Which is precisely what my thoughts aren’t, not anymore. I feel trespassed upon, watched, like there are eyes on my skin, in my head, swarming like insects. I reach for my collar, what’s beneath it, without thinking, only noticing I’ve done it when my fingers feel silk instead of silver. It feels wrong, all of us following in Mara’s—no, M’s—shadow. I’m suddenly vertiginous with panic, with paranoia.
“Stop,” I call out, as M walks through the Gothic arch of the staircase. She listens.
We all do, as the air outside fills with screams. I catch a swift, dark silhouette moving past one of the massive stained-glass windows as the climber falls.
42
KNOW HIMSELF
FOR THE FIRST TIME, I find myself genuinely shocked by someone’s death.

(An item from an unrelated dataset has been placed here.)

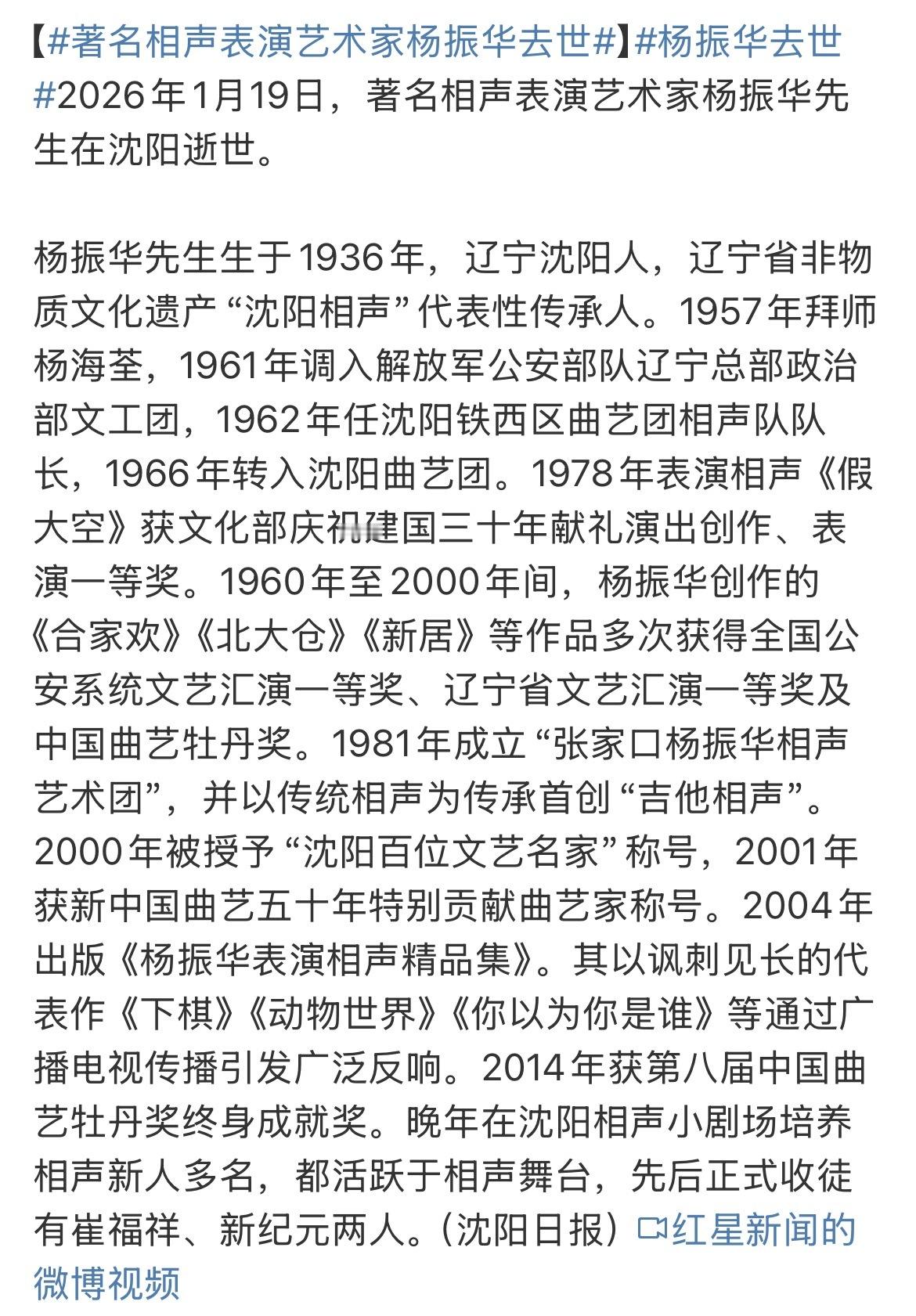 杨振华去世老先生九十岁离世,是喜丧死 亡 的终点是遗忘,但老先生的相声集会一直留存,这个世界上永远存在“杨振华”的声音

I wasn’t yanked into someone else’s reality. I didn’t feel anyone else’s fear or sadness or shame. I watched someone die with my own eyes, from my own limited, blind perspective—just a falling shadow through stained glass.
It might be a stranger. Someone who isn’t Gifted, someone I don’t know.

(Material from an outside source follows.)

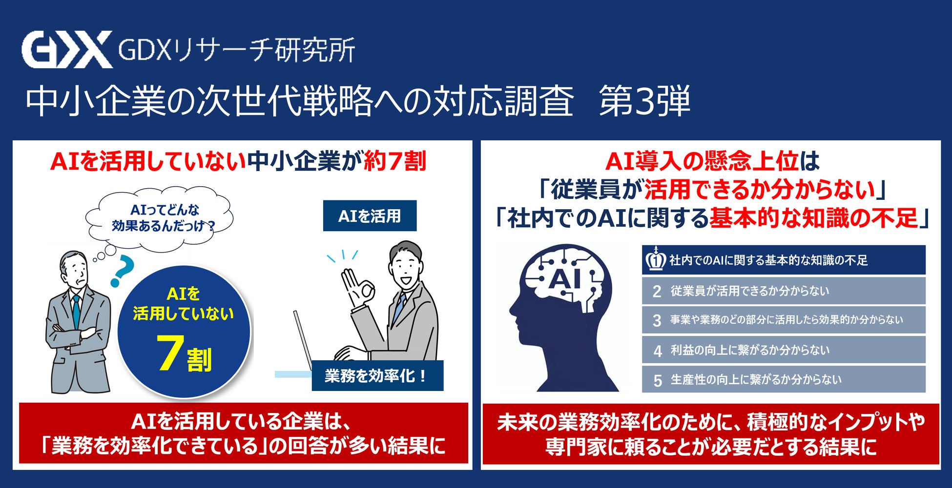 本調査の結果では、中小企業の約7割がAIを活用していない、できていないという状況でした。

It might be an accident. A prank gone wrong. A simple fall.
Or it might not be either of those things. I don’t know because I can’t know, not for sure, not without my Gifts. I’m still broken.
And glad of it.
Goose is ashen, ill-looking. “I can’t—how did that—”
Jamie’s eyes linger on the staircase, beyond M’s feet.
M is looking at me. Waiting.
“Well?” she says finally.
“Well what?”
“Are you coming or not?”
She doesn’t wait for my answer, though, before she begins the descent.
Perhaps I don’t know what happened for certain. But I’ve seen enough, experienced enough, to begin to guess that it wasn’t an accident. That none of this is.
I’m in it, though. As is Jamie, whatever his reasons. But Goose—
I pull him aside. “Listen, you can’t chunder in the chapel. Go out the front way, we’ll find you after, all right?”
He looks stricken. “Did he fall?” His voice sounds young, unsteady.
Goose is shocked and not thinking, not remembering, that I have no way of truly knowing, but now’s not the time to remind him. Or to describe the shape that my suspicions are forming.
“Yes,” I lie. “Go.”
I’m tempted to get down on my knees and thank Jesus when he listens, but Jamie and M are almost out of sight. I hurry down the steps as quickly as I can.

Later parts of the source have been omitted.